Garland v. Commonwealth

Dissenting opinion by

Justice STUMBO.

Respectfully, I dissent from the majority’s opinion regarding the failure to give an instruction on Appellant’s extreme emotional disturbance (EED), and also because the jury impermissibly heard evidence that Appellant had taken a polygraph examination. Either of these errors constitutes reversible error.

Although Appellant did not request an instruction on first-degree manslaughter, the trial court has a duty to instruct the jury on the whole law of the case. Lee v. Commonwealth, Ky., 329 S.W.2d 57, 60 (1959). “This general rule requires instructions applicable to every state of case covered by the indictment and deducible from or supported to any extent by the testimony.” Id. This rule holds true regardless of whether Appellant requested a lesser-included instruction. Id. See also Trimble v. Commonwealth, Ky., 447 S.W.2d 348, 350 (1969) (stating that *554“[w]hen the prosecution adduces evidence warranting an inference of a finding of a lesser degree of the charged offense, the court should instruct on the lesser degree even though the defendant presents the defense of alibi.”)
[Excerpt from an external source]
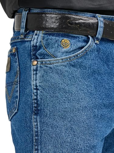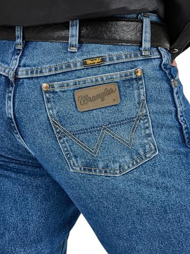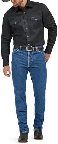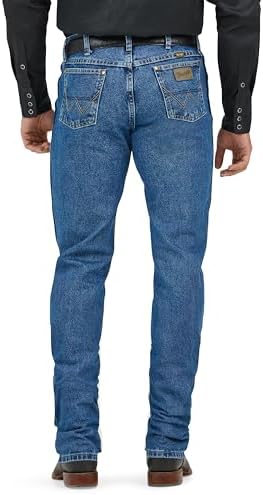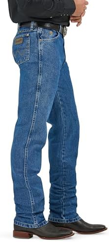 ORIGINAL FIT. Designed with a functional fit in mind, these jeans are made to stack over your favorite pair of boots. Constructed with a comfortable fit In the waist, seat and thigh, this jean is made for both function and comfort. A COUNTRY CLASSIC. Wrangler’s classic fits enhanced by the King of Country. These George Strait jeans are modeled after Wrangler’s authentic styles with embellishments by George himself. DURABLE MATERIALS. It's no question that this classic can withstand wear and tear. Built with durable heavyweight cotton denim and felled seams, this jean was made to last -- no matter the task. COMFORTABLE WEAR. Whether you're out to lunch or working in the yard, you need a jean that keeps you comfortable throughout the day. Made from 100% cotton, this jean provides comfort and breathability for your day ahead. FIVE POCKET STYLING. This cowboy cut jean is constructed with an authentic five pocket styling: (1) watch pocket, (2) front scoop pockets, (3) back patch pockets. Finished with copper rivets for added long-lasting durability. Authentic five pocket styling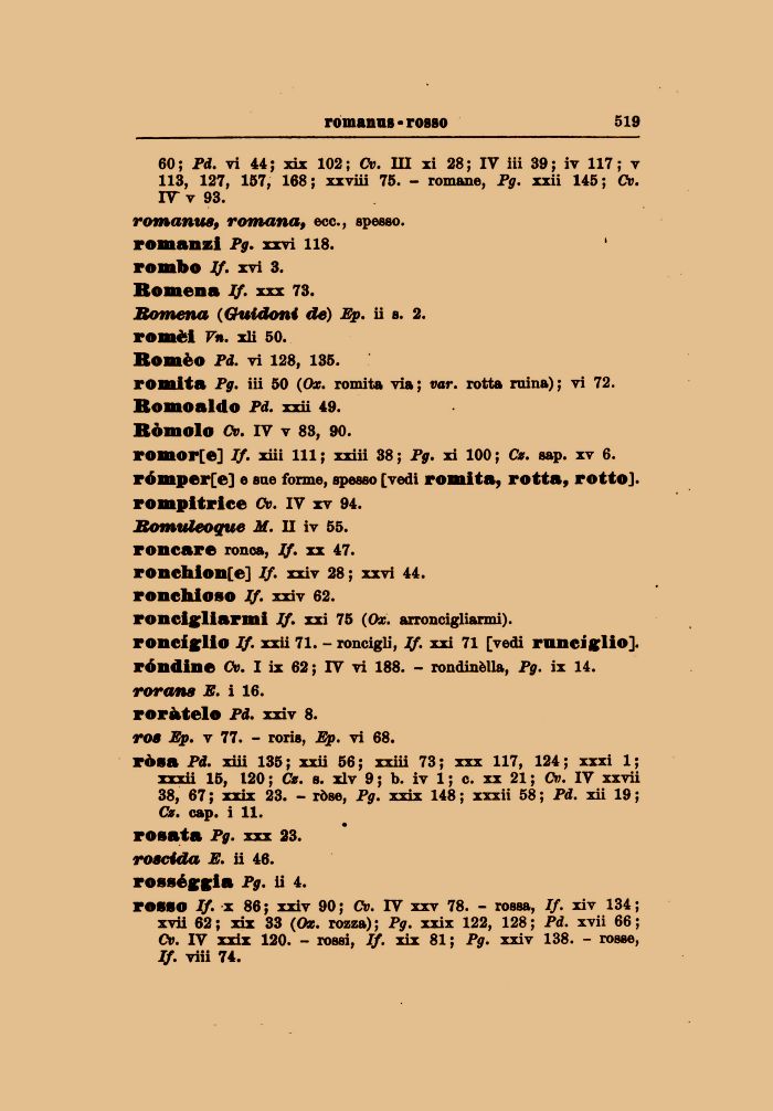 60; Pd. vi 44; xix 102; Cv. Ili xi 28; IV iii 39; iv 117; v 113, 127, 157, 168; xxviii 75. - romane, Pg. xxii 145; Cv. IT v 93.

There was ample evidence in this case to suggest that Appellant was suffering from EED prior to the incident. There was testimony that one of the victims had broken up with Appellant and that she was carrying another man’s child. There had been repeated incidents where Appellant fired a gun outside the victim’s trailer after she had broken up with him. Also, the evidence suggested that upon entering the victim’s trailer, the two began to fight, but that Appellant did not start shooting until a partially clad man emerged from the bedroom. It was possible that Appellant did not know whom the man was with in the bedroom.

The majority dismisses these possible scenarios as not meeting the standard for an EED instruction because Appellant’s behavior was not continuous, and because a partially clad man emerging from the bedroom was not a viable triggering event because the man was with the other victim and not Appellant’s ex girlfriend.

We have held that the onset of EED “ ‘may be more gradual than the “flash point” normally associated with sudden “heat of passion”, so long as the condition is “a temporary disturbance of the emotions” as opposed to mental derangement per se.’ ” Springer v. Commonwealth, Ky., 998 S.W.2d 439, 452 (1999) (quoting McClellan v. Commonwealth, Ky., 715 S.W.2d 464, 468 (1986)). In Springer, we specifically stated, “[t]he fact that the triggering event may have festered for a time in [the appellant’s] mind before the explosive event occurred does not preclude a finding that she killed her husband while under the influence of [EED].” 998 S.W.2d at 452.

Likewise, the facts of this case did not preclude a finding of EED. Appellant was entitled to have the jury weigh the evidence and make that decision.

Secondly, I must disagree with the majority’s holding that the references made to Appellant having taken a polygraph exam were not grounds for reversal. It has long been held that the “mere mention of the taking of a polygraph examination without disclosure of the result” is error. Morgan v. Commonwealth, Ky., 809 S.W.2d 704, 706 (1991); Ice v. Commonwealth, Ky., 667 S.W.2d 671 (1984); Perry v. Commonwealth, Ky., 652 S.W.2d 655 (1983). This Court reversed a conviction for murder in Morgan, supra, simply because it was disclosed to the jury that an interrogation of the defendant took place in a room that contained a polygraph instrument. The majority cites to no áuthority that says the result is different if the defense’s own witnesses made the reference to the polygraph. The outcome is the same. The jury could have inferred that since the results of the polygraph were not admitted, Appellant must have failed it. This was prejudicial error requiring reversal for a new trial.